One of the UK’s largest employers, the NHS, has been in the news recently for implementing an unpopular change to terms and conditions without employees’ consent. In that case there was a lot of negative publicity and strike action was taken and is ongoing.
Changing the focus to changing terms and conditions more generally, if the change is not authorised by the contract, there are three ways in which the employer can vary the contract of employment:
- obtaining the employees’ express agreement to the new terms (either individually or through a collective agreement which is binding on the employees concerned)
- unilaterally imposing the change and relying on the employees’ conduct to establish implied agreement to the change
- terminating the employees’ employment and offering re-employment on the new terms
Each of the options have their own drawbacks, however obtaining express agreement to the terms is often to the simplest, most straightforward option.
Whilst we won’t go into the detail of how to change terms and conditions here, we’ve put together some practical tips for employers on how to implement changes as smoothly as possible.

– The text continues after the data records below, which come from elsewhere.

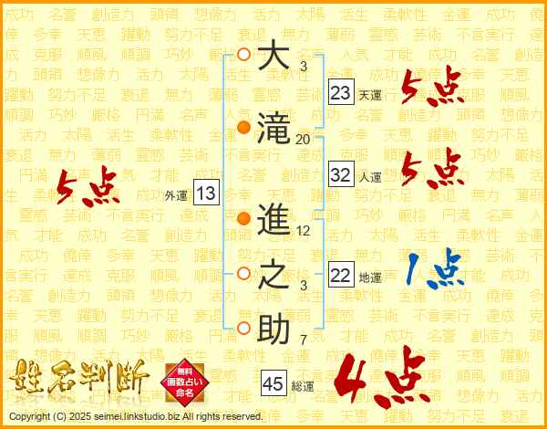 大滝進之助さんの総運は45画の4点!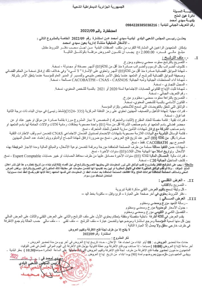 استشارة الخاصة بالمشروع التالي: الأشغال المتبقية منشأة إدارية بعين سيدي امحمد29 سبتمبر، 20220 36 شاركها فيسبوك X مشاركة عبر البريد طباعة
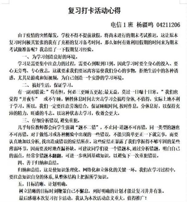 暑假接近尾声,为帮助同学们尽快回到学习状态,以更好的状态迎接新学期的学习以及因疫情延后的考试,8月15日至8月30日,信控学院面向全体学生策划并开展了线上“勤勉乐学,有记可循”暑假复习打卡活动。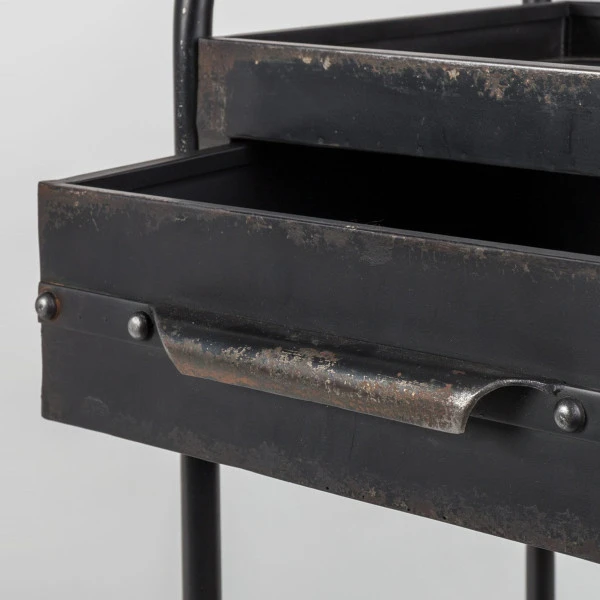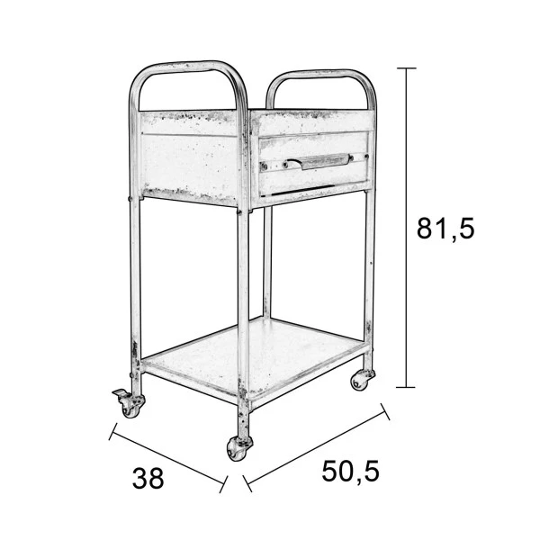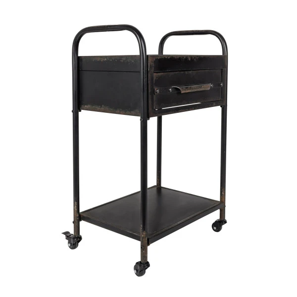 De trolley heeft behalve twee planken ook een lade, waarin je losse rommeltjes kunt opbergen: onderzetters of openers, maar ook sleutels en portemonnees. Twee van de vier zwenkwieltjes beschikken over een blokkeerstand zodat de trolley met verweerde look er niet uit zichzelf vandoor gaat met je wijn.

- Explain why the change is necessary – if the alternative to an unpopular change is restructure and inevitable redundancies then explain this. It might be easier to demonstrate that the change is the lesser of two evils.
- It’s all about the presentation – if you need to obtain employees’ consent (whether through individual meetings or through a collective consultation process) think about how you are going to present the changes. Set out all of the positive as well as the negative changes and explain what that would mean for the employees. Ultimately, think about the overall package that you are presenting to employees. If questions are raised try to answer them as best you can.
- Can the changes be staggered? Do all of the changes have to happen straight away? It might be possible to make some changes over time and put in place transitional arrangements. In an ideal situation, give employees plenty of notice before the implementation of any changes.
- Can you offer a sweetener? Can you offer staff an incentive to accept the change? Offering an additional benefit in exchange for a detrimental change might be a way to secure agreement. Also, remember that there may also be non-financial ways to incentivise staff to agree to a change.
- Choose your time carefully – it might be more difficult to convince employees to agree to a proposed change if morale is low at a particular time of the year. If something beneficial is due to happen to employees in the foreseeable future it might be advisable to link the change to it. For example, it might be easier for employers to introduce a change to a contractual bonus structure at the same time as annual salary reviews. The salary increase could then be presented as part of a larger package, in exchange for a less favourable change in a bonus structure.
Of course, it is not always possible to obtain consent from all employees, and other routes may be necessary, however obtaining express consent is often the best starting point to enforce a change.